Guelín nos había advertido:

–Nada de miedos, si os dan la mano para saludaros la entregáis

fuertemente, no debéis beber nada de lo que os ofrezcan, salvo si es ron.

En ese caso, tomáis un trago y lo escupís con fuerza al suelo. Y pase lo

que pase no abandonéis el lugar si no os lo digo.

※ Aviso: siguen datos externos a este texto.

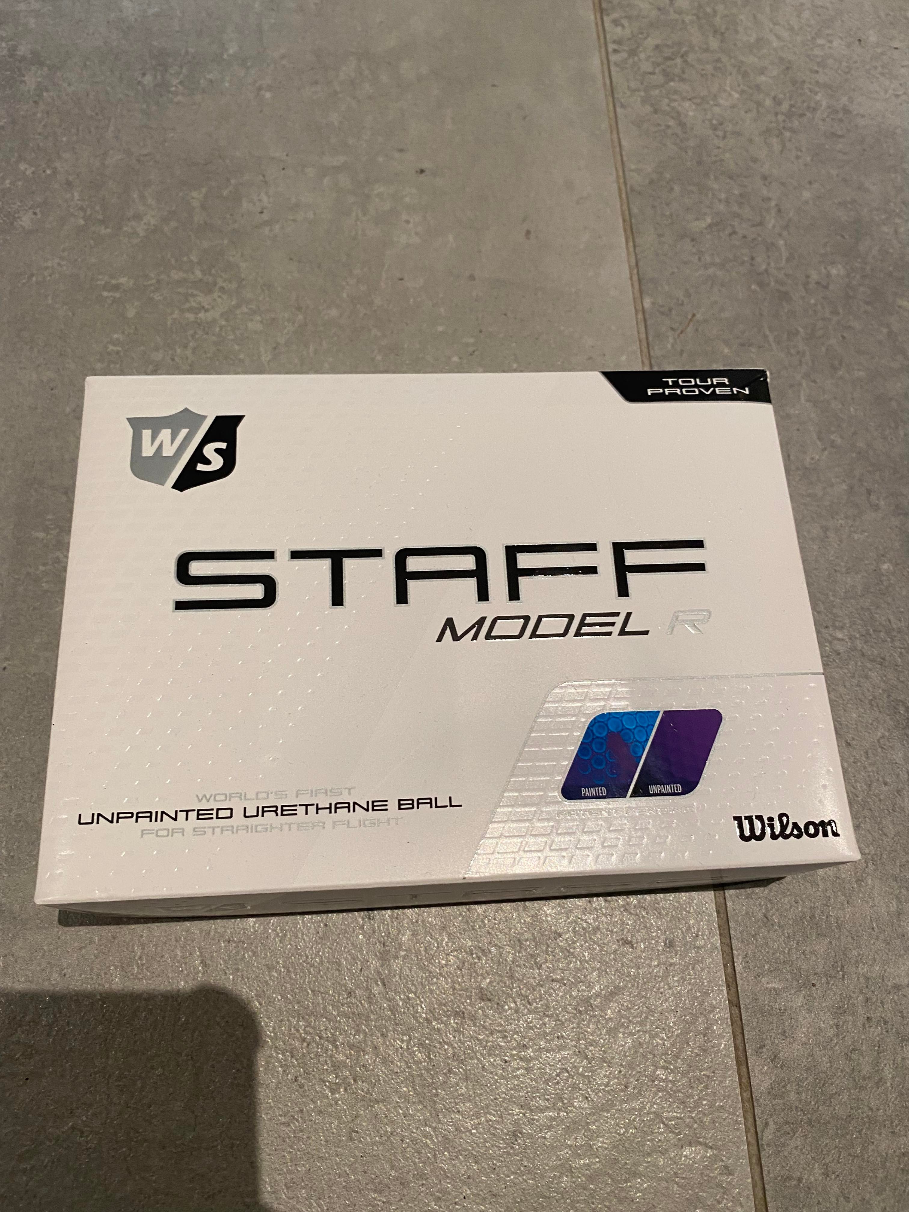 Wilson Staff Model R er en tourbold med en ubehandlet overflade, som giver meget spin og kontrol, mens bolden samtidig leverer en høj boldhastighed.
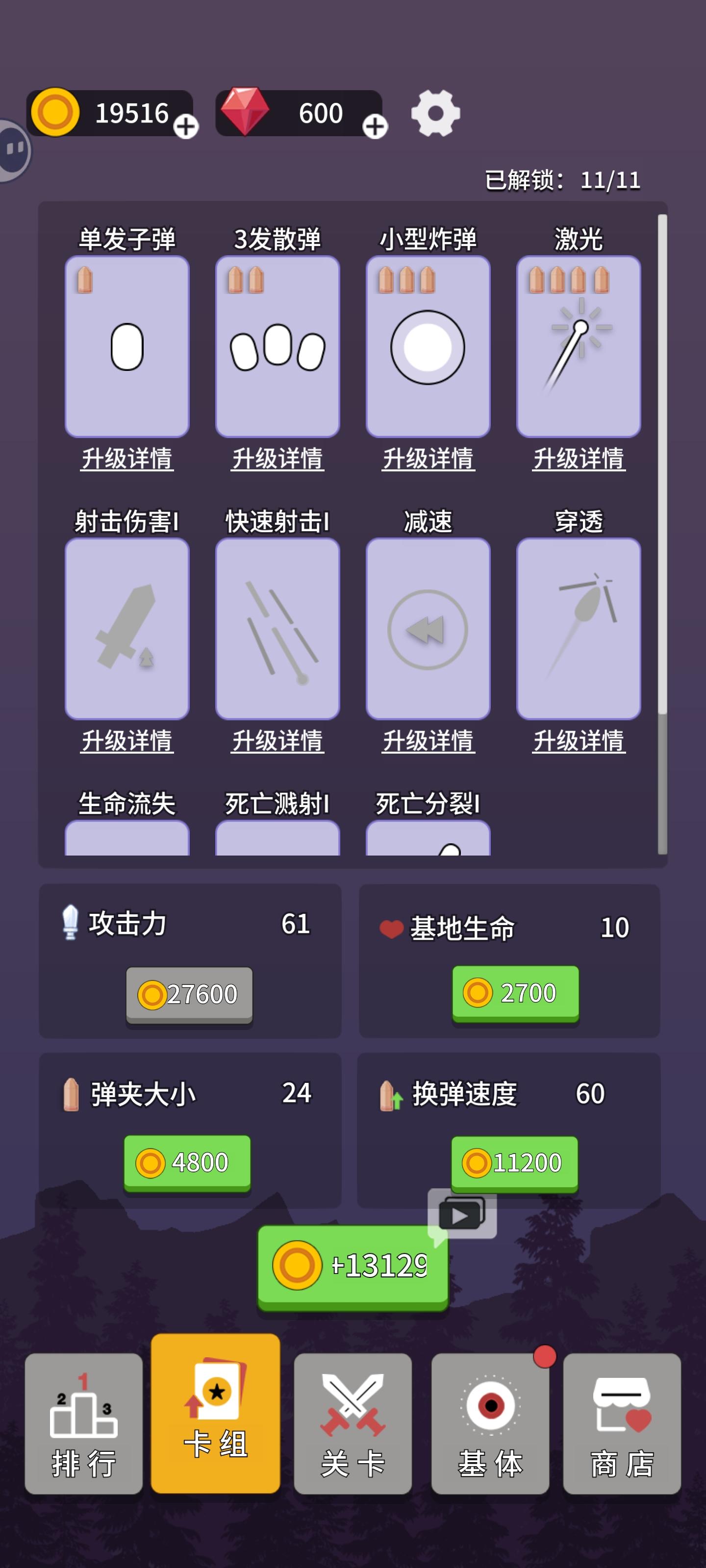 当然全升满基体也不是很必要,看一二百拿钻开的基体,每局4广告开满技能,N个广告上buff随机3选1,也足够通关无尽87波了。能玩的。
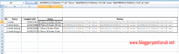 Cara Menghitung Umur di Excel 2007 dengan Fungsi DATEDIF BERTINGKAT untuk Pemula

Una vez allí creímos más oportuno acercarnos sólo Guelín y yo. Si

conseguíamos ganarnos su confianza avisaríamos a Manolito y a nuestro

cámara. Nos presentamos y nos invitaron a sentarnos. Unos minutos

después apareció el dueño de la casa, monsieur Balaguer, un negro

claro, alto, delgado y musculoso, con un sombrero de cowboy rojo. Nos

miró duramente y con desdén se acercó a nosotros. Preguntó a Guelín

por qué un blanco como yo estaba interesado en los secretos de su

religión. Le contó que ya conocía el país y que estudiaba los misterios

de su sabiduría. Además los santos ya me habían iniciado en los secretos

de su religión, por lo que se podía confiar en mi. Gracias a su publicidad

consiguió que aceptara hablar conmigo de tú a tú. La conversación se

hizo más fluida y Guelín fue directamente al grano:

–Nos han dicho que tienes diablos que trabajan contigo.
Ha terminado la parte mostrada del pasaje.